Rob Speer rspeer at MIT.EDU
Thu Jul 8 14:41:50 EDT 2010


On Thu, Jul 8, 2010 at 2:27 PM, Skipper Seabold <jsseabold at gmail.com> wrote:
> On Thu, Jul 8, 2010 at 1:35 PM, Rob Speer <rspeer at mit.edu> wrote:
>> Your labels are unique if you look at them the right way. Here's how I
>> would represent that in a datarray:
>> * axis0 = 'city', ['Austin', 'Boston', ...]
>> * axis1 = 'month', ['January', 'February', ...]
>> * axis2 = 'year', [1980, 1981, ...]
>> * axis3 = 'region', ['Northeast', 'South', ...]
>> * axis4 = 'measurement', ['precipitation', 'temperature']
>>
>> and then I'd make a 5-D datarray labeled with [axis0, axis1, axis2,
>> axis3, axis4].
>>
>
> Yeah, this is what I was thinking I would have to do, but it's still
> not clear to me (I have trouble trying to think in 5 dimensions...).
> For instance, what axis holds my actual numeric data?
>
> axis4, with a "precipitation" tick?

Yep, that's what I was suggesting. Or you could have two different 4-D
matrices, one whose values are precipitation and one whose values are
temperatures.

>> Now I realize not everyone wants to represent their tabular data as a
>> big tensor that they index every which way, and I think this is one
>> thing that pandas is for.
>
> This is kind of where I would like the divide to be between user and
> developer.  On top of all of this, I would like to see a __repr__ or
> something that actually spits out a 2d spreadsheet-looking
> representation.  It would help me stay sane I think.  Fernando's nice
> 3D graphic only can go so far as a mental model (for me at least).

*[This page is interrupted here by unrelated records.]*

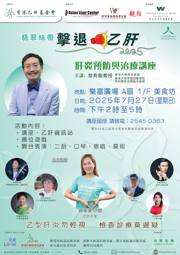 香港乙肝基金會於今年7月13日主辦「翡翠絲帶擊退乙肝晚會」邀請食物及衛生局副局長徐德義醫生、衛生署控制病毒性肝炎辦公室顧問林潔宜醫生等主禮、藝人羅家英及香港乙肝基金會會長兼香港大學內科及肝臟科講座教授黎青龍教授,聯同基金會一眾委員及嘉賓一同主持「翡翠絲帶擊退乙肝」啟動儀式,象徵齊心擊退乙肝。
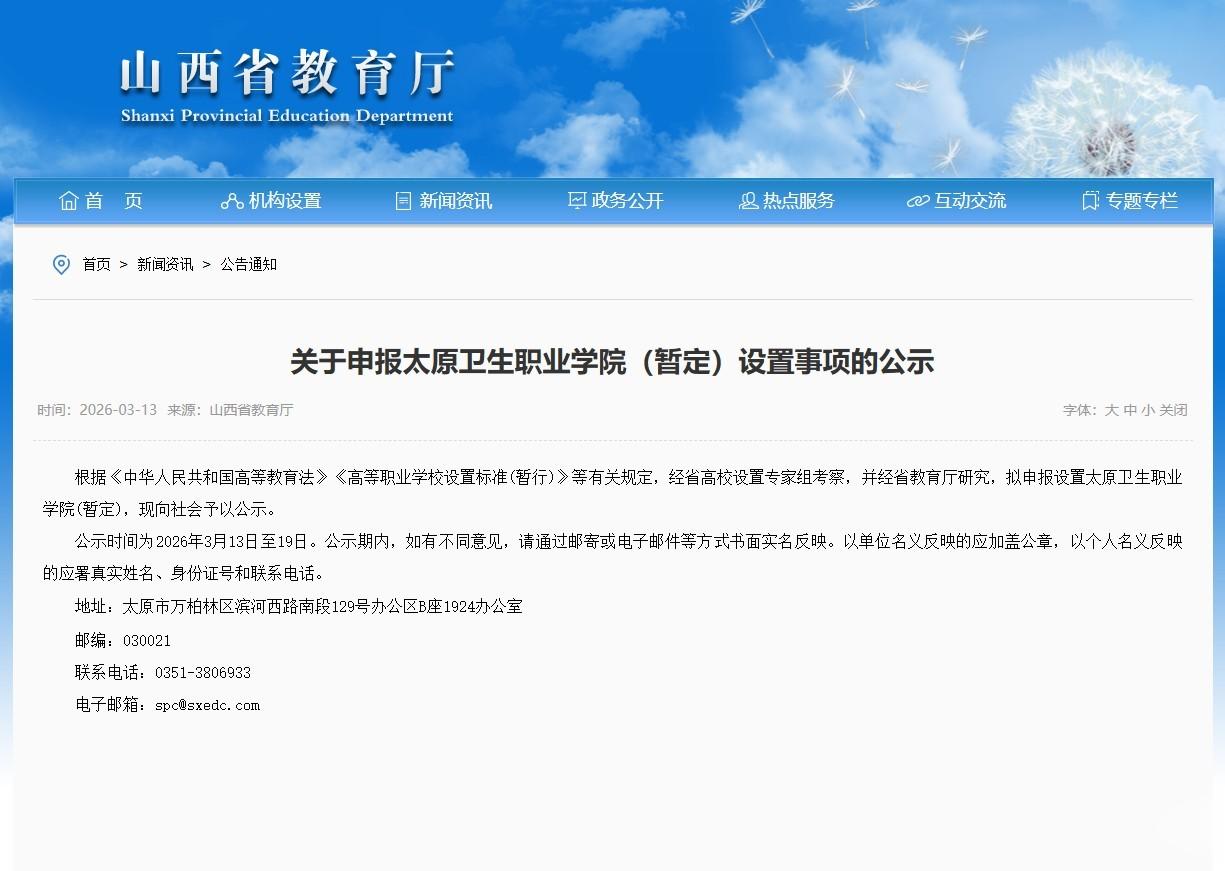 近日,山西省教育厅发布《关于申报太原卫生职业学院(暂定)设置事项的公示》,根据有关法律法规规定,经省高校设置专家组考察和省教育厅研究,拟申报设置太原卫生职业学院(暂定)。这意味着又一所新的省会大学即将设立。
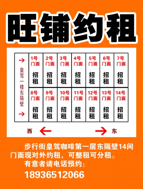 步行街皇駕咖啡第一層?xùn)|隔壁14間門(mén)面現(xiàn)對(duì)外約租,可整租可分租。有意者請(qǐng)電話預(yù)約!
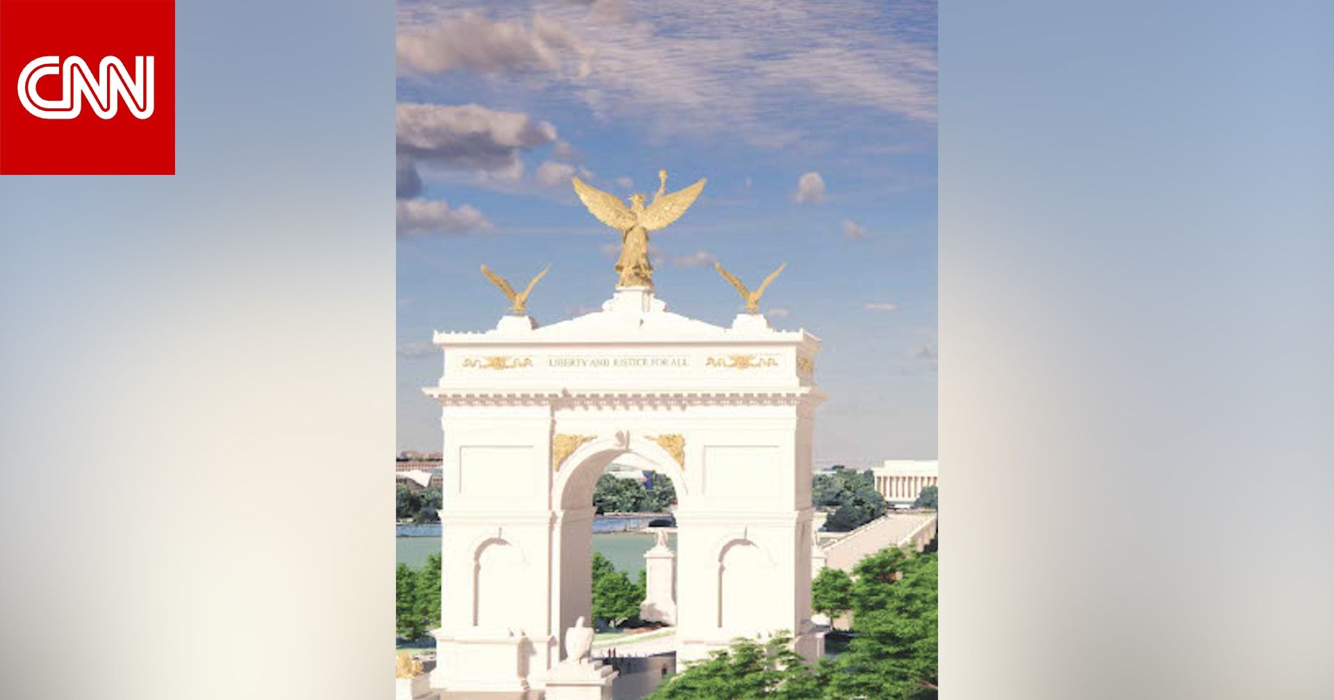 اخبارالعرب 24-كندا:السبت 11 أبريل 2026 07:01 صباحاً كشف البيت الأبيض عن تصاميم قوس "نصر" جديد يبلغ ارتفاعه 250 قدمًا في العاصمة، سيعلو الدوّار المروري بين مقبرة أرلينغتون الوطنية ونصب لنكولن التذكاري.
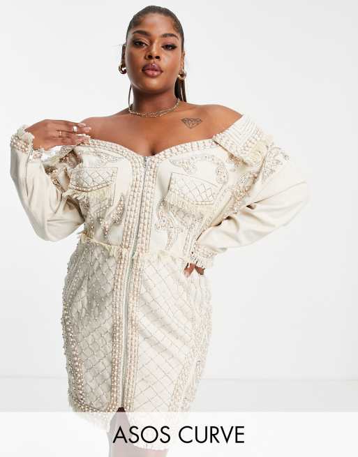 ASOS DESIGN Curve pearl embellished oversized denim off shoulder tux dress

Divisi2 uses a 2D labeled representation as its __str__ -- an example
is at http://csc.media.mit.edu/docs/divisi2/sparse.html

I could port this onto datarray. I was holding off because I was
unsure about how to represent the N-d case, but I realize now that
showing the entries in this kind of 2-D tabular format could actually
be a really intuitive way to do it.

> Mix-ins sounds reasonable to me as long as this could easily be
> accomplished.  Ie., why use csr?  Can you go between others?  Are the
> sparse matrices reasonably stable given recent activity?  Not
> rhetorical questions, I don't use sparse matrices much.

These are good questions.

I ended up using PySparse instead of scipy.sparse, because SciPy 0.7's
sparse matrices weren't ready to support many important operations,
particularly slicing. SciPy 0.8's sparse matrices look much better,
and I may transition to using them once it's released.

When planning future features of NumPy, of course, we should assume
SciPy's sparse matrices do what we want (and possibly fix them if they
don't).

csr_matrix was just an example. I think there would have to be
separate classes for labeled csr_matrices, labeled lil_matrices, and
so on, supporting all the usual methods for converting between them.